I also had trouble getting anything useful from the generated data and model in the code. It seems to me that the level of noise in the fake data could equally be explained by the different sources of variance in the model. That can lead to a situation of highly correlated posterior parameters. Add to that the extreme scale imbalances, then it makes sense this would have sampling issues.
However, looking at the JAGS model, it seems they really are using just that one input observation. I've never seen this technique(?) before, that is, inputting summary statistics of data instead of the raw data itself. I suppose it worked for them in JAGS, so I decided to try running the exact same MCMC, including using the precision (tau
) parameterization of the Gaussian.
with pm.Model() as m0:
# tau === precision parameterization
dT = pm.Normal('dT', mu=-0.1, tau=625)
alpha = pm.Normal('alpha', mu=0.0000115, tau=694444444444)
length = pm.Normal('length', mu=50.0, tau=1.0)
mu = pm.Deterministic('mu', length*(1+alpha*dT))
# only one input observation; tau indicates the 5.8 nm sd
obs = pm.Normal('obs', mu=mu, tau=29726516052, observed=[50.000215])
trace = pm.sample(30000, tune=30000, chains=4, cores=4, step=pm.Metropolis())
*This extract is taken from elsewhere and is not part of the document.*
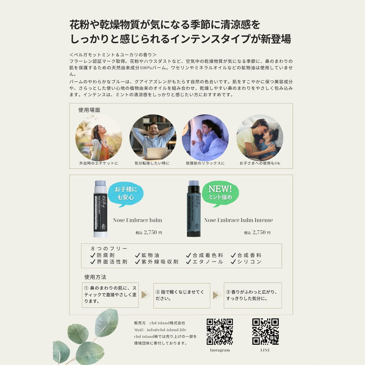 「ノーズエンブレイスバーム インテンス」は、従来品でご好評いただいていた心地よい清涼感をより感じていただけるよう、植物由来のさわやかな香りの印象と使用感をアップデートしました。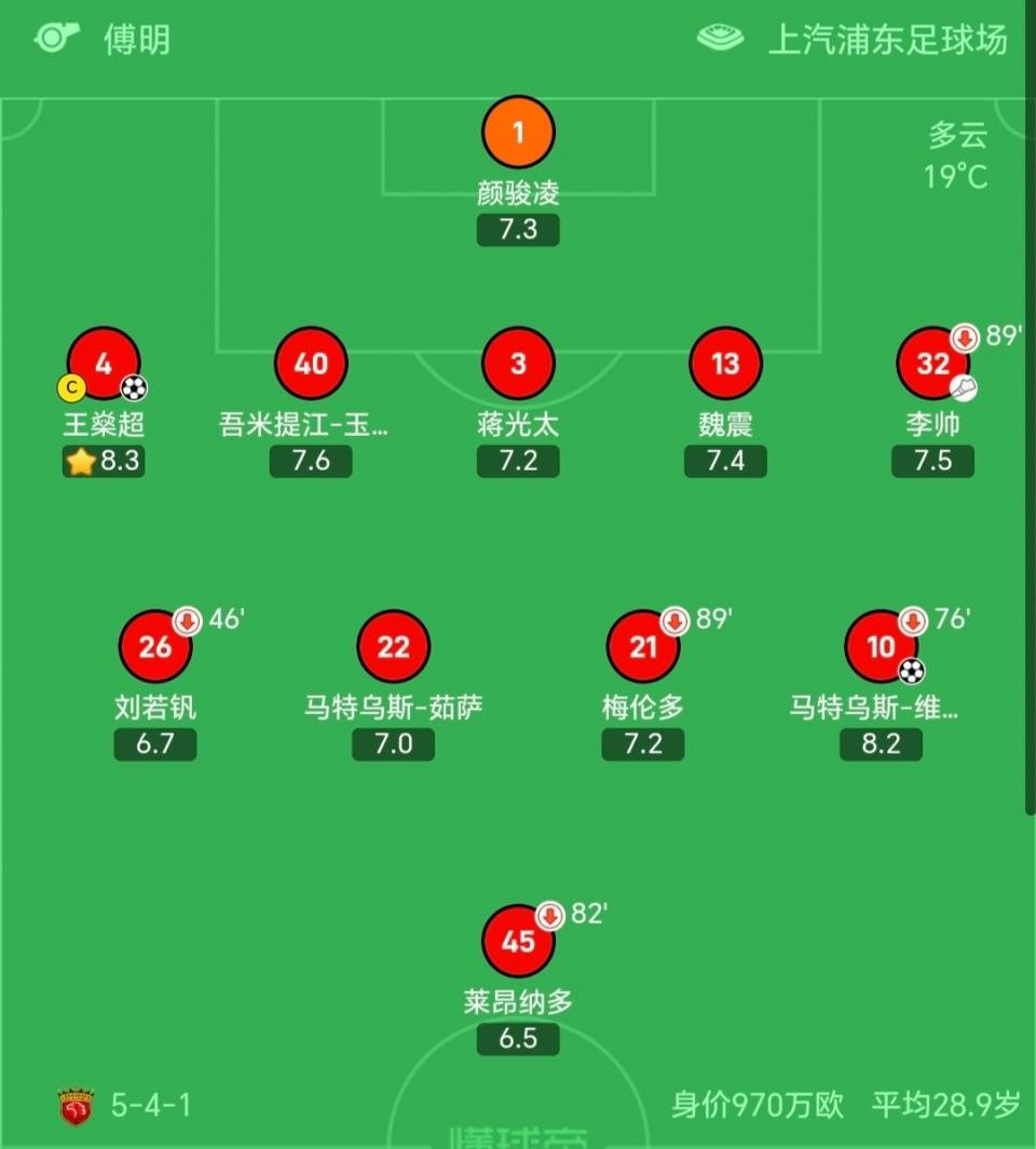 在海港其他首发球员中,维塔尔得到了8.2分,吾米提江得到了7.6分,李帅7.5分,魏震7.4分,颜骏凌7.3分,蒋光太和梅伦多分别拿到了7.2分,而如萨得到了7.0分,刘若钒则得到了6.7分。

While it's still not that great at sampling length
and dT
, it at least appears convergent overall:
I think noteworthy here is that despite the relatively weak prior on length
(sd=1
), the strong priors on all the other parameters appear to propagate a tight uncertainty bound on the length
posterior. Ultimately, this is the posterior of interest, so this seems to be consistent with the intent of the exercise. Also, see that mu
comes out in the posterior as exactly the distribution described, namely, N(50.000215, 5.8e-6)
.
Here, however, you can see the core problem is still there. There's both strong correlation between length
and dT
, plus 4 or 5 orders of magnitude scale difference between the standard errors. I'd definitely do a long run before I really trusted the result.
In order to get this running with NUTS, you'd have to address the scaling issue. That is, somehow we need to reparameterize to get all the tau
values closer to 1. Then, you'd run the sampler and transform back into the units you're interested in. Unfortunately, I don't have time to play around with this right now (I'd have to figure it out too), but maybe it's something you can start exploring on your own.